Elsevier

Sleep Medicine

Volume 9, Issue 2, January 2008, Pages 165-171
Sleep Medicine

Original article
Psychological treatment of insomnia in hypnotic-dependant older adults

https://doi.org/10.1016/j.sleep.2007.02.009Get rights and content

Abstract

Background

The existing literature does not address the question of whether cognitive-behavioral therapy would have an impact on insomnia in older adults who are chronic users of sleep medication and have current insomnia, but are also stable in their quantity of medication usage during treatment. The present report seeks to answer this question.

Methods

Hypnotic-dependant older adults, who were stable in their amount of medication usage and still met the criteria for chronic insomnia put forth by American Academy of Sleep Medicine, were treated using a cognitive-behavioral intervention for insomnia. The three-component treatment included relaxation training, stimulus control, and sleep hygiene instructions. Participants were randomly assigned to either the active treatment group or a comparably credible placebo control group, and were instructed not to alter their pattern of hypnotic consumption during treatment.

Results

The active treatment group had significantly better self-report measures of sleep at post-treatment. Statistically significant improvement was paralleled by clinically meaningful improvement for key sleep variables. As planned, there was no significant change in sleep medication usage from pre- to post-treatment.

Conclusions

The findings support the use of cognitive-behavioral therapy for insomnia in hypnotic-dependant older adults.

Introduction

Data from our recent epidemiological study support the hypothesis that older adults (OA) report higher rates of insomnia and more severe insomnia than younger adults [1]. Across age groups, insomnia has been associated with difficulties such as impaired functioning, daytime fatigue, increased health care costs, and reduced quality of life [2], [3]. These difficulties may be particularly salient for OA as they often experience other age-related decrements in general health. These findings highlight the importance of establishing optimum treatment strategies for insomnia in the OA population.

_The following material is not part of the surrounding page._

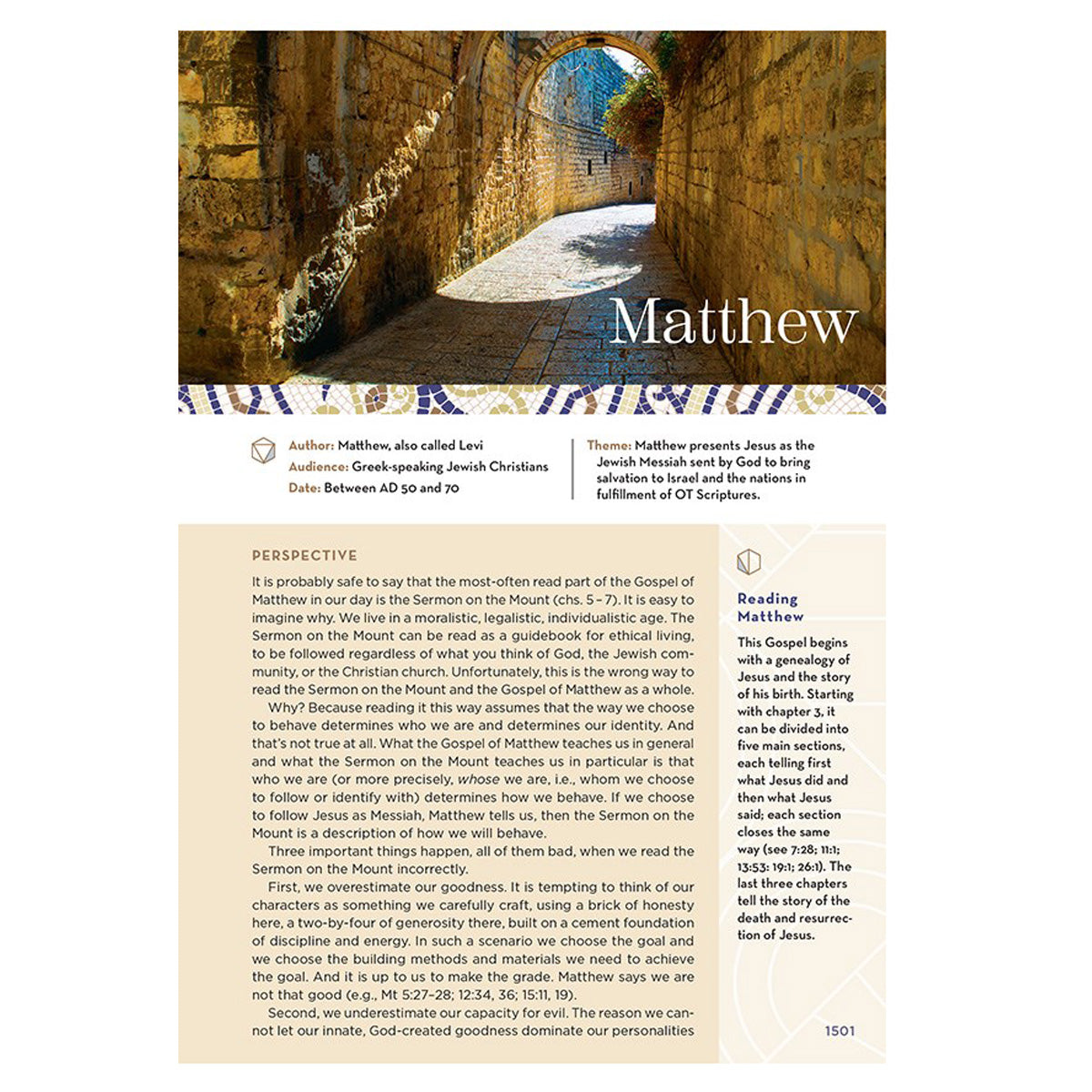 • Book Introductions provide perspective and application for every book of the Bible, plus timelines, reading guides, and more.

Hypnotic medication is typically the first line of defense for OA seeking treatment for insomnia, most likely because hypnotic medications are easily accessible through primary care physicians and promise rapid improvement for insomnia symptoms [4], [5]. The rate of hypnotic usage for OA is approximately 10–15%, a rate nearly five times that of younger adults [6], [7]. Although hypnotic medications have been shown to be effective in many cases, tolerance may lead to an attenuation of efficacy over time.

Psychological treatments such as cognitive-behavioral therapy (CBT) provide a second avenue of treatment for OA with insomnia. CBT for insomnia (CBTi) often consists of a combination of several techniques such as stimulus control, sleep restriction, sleep hygiene instruction, and relaxation practice. Individual studies have supported the use of CBTi with the OA population [6], [8], [9], and a recent Cochrane review of non-pharmacological therapies for sleep problems in later life concluded that CBTi was mildly effective in the short term but unproven in regards to long-term effects [10].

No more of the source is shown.